PI Berlin has developed a unique process that for the first time allows a deep dive assessment of the production quality of lithium-ion batteries used for solar energy storage. Since an energy storage system is only as good as the batteries which are used, the demand for reliable quality assessments has increased as the number of energy storage projects grows. Evaluating a complete energy storage system without an in-depth review of battery quality is often not sufficient to detect battery-related risks. Not only can battery performance sometimes lag far behind expectations, but poorly produced batteries can cause safety hazards in the field. PI Berlin's new assessment process reveals weaknesses in battery production and provides specific risk mitigation advice for owners and investors.
Global boom in the number of solar power storage projects
The number of solar energy storage projects is rising rapidly around the world, with international growth rates for photovoltaic storage reaching between 70 and 150 percent in recent years, according to BloombergNEF. Lithium-ion batteries have been the dominant technology to date. The number of battery manufacturers is also growing quickly, with many new suppliers based in Asia.

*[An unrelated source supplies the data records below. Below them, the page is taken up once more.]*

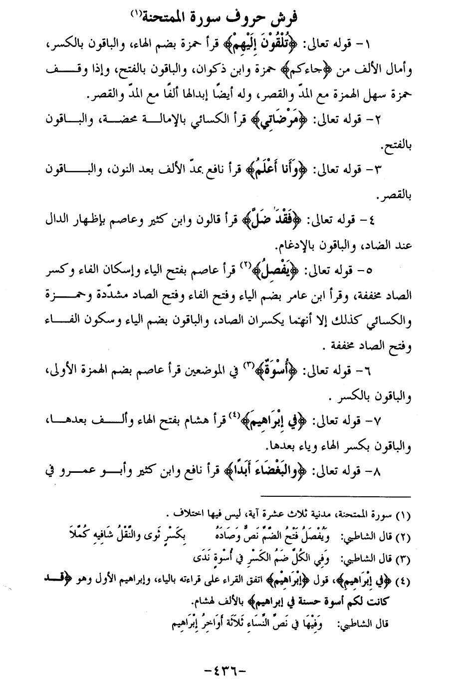 (¬4) فِي إِبْراهِيمَ، قول إِبْراهِيمَ اتفق القراء على قراءته بالياء، وإبراهيم الأول وهو قَدْ كانَتْ لَكُمْ أُسْوَةٌ حَسَنَةٌ فِي إِبْراهِيمَ بالألف لهشام.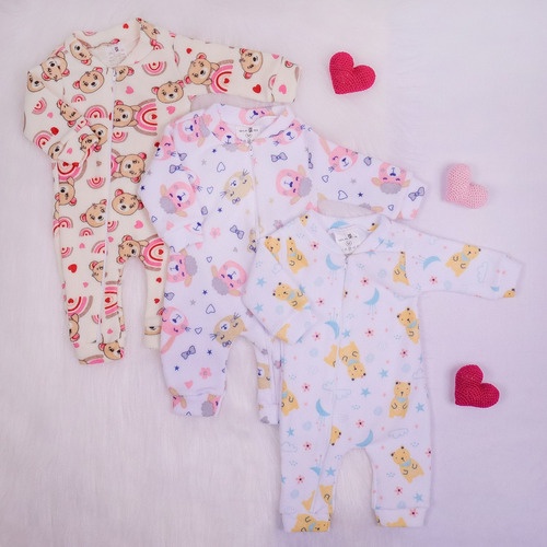 macacão para bebê em soft combo 03 peças quentindo rn ao gg Estampas sortidas MENINA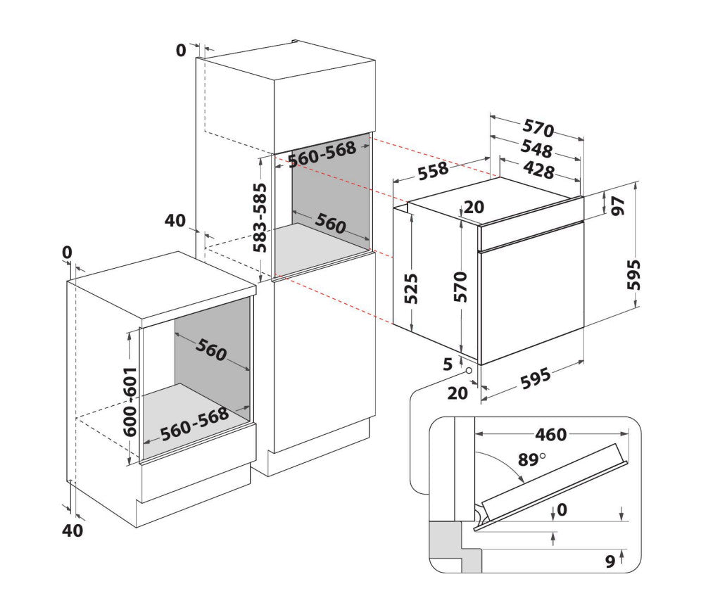 • Larghezza dello scomparto di installazione (min): 56 cm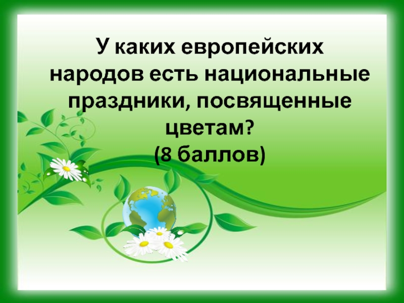 Слайд 24У каких европейских народов есть национальные праздники, посвященные цветам?

Risks resulting from battery production
"Batteries are the greatest performance risk in any energy storage system. Recent cases of system under-performance have highlighted this risk," explains Ian Gregory, Managing Director of PI Berlin North America. Batteries are complex systems. The chemical electrolytes must be sufficiently pure, electrode coatings must be very uniform and all raw materials must be stored, processed and assembled at the right temperature and humidity.
Only if all manufacturing steps are carried out correctly will the battery be safe and provide reliable long-term performance. This in turn requires both highly specialized manufacturing processes and comprehensive quality control. "There is a lot of room for error on the path to the finished battery. Our assessment process is designed to identify these weaknesses."
Factory audits examine 170 processes and materials
"International quality standards for battery manufacturing aren't well developed, nor are they applied uniformly by the different manufacturers. Our factory audits check and benchmark over 170 processes and materials used in battery production," explains Shaun Montminy, Technical Manager at PI Berlin. "We spent over 18 months developing this assessment process together with experts in battery chemistry and engineering. We have also incorporated our experience conducting more than 300 factory audits on other solar components."
PI Berlin is offering the new service to all those who may be impacted by poorly-performing batteries, including the investors and owners of large solar power plants. This helps customers choose the right battery manufacturer while also ensuring they are able to proactively identify and manage risks in the batteries being purchased.
Independent quality audits
With its new production assessment, PI Berlin aims to support operators and investors of large solar plants around the world to systematically compare and benchmark battery manufacturers. To ensure independence, battery manufacturers cannot contract for audits with PI Berlin. They must be contracted by buyers or investors in order to avoid any conflict of interest. "However, a battery manufacturer can suggest an independent audit to its customers as a way of protecting their customers' interests. It can also help convince banks and investors that a planned storage project will be safe and effective," reports Gregory.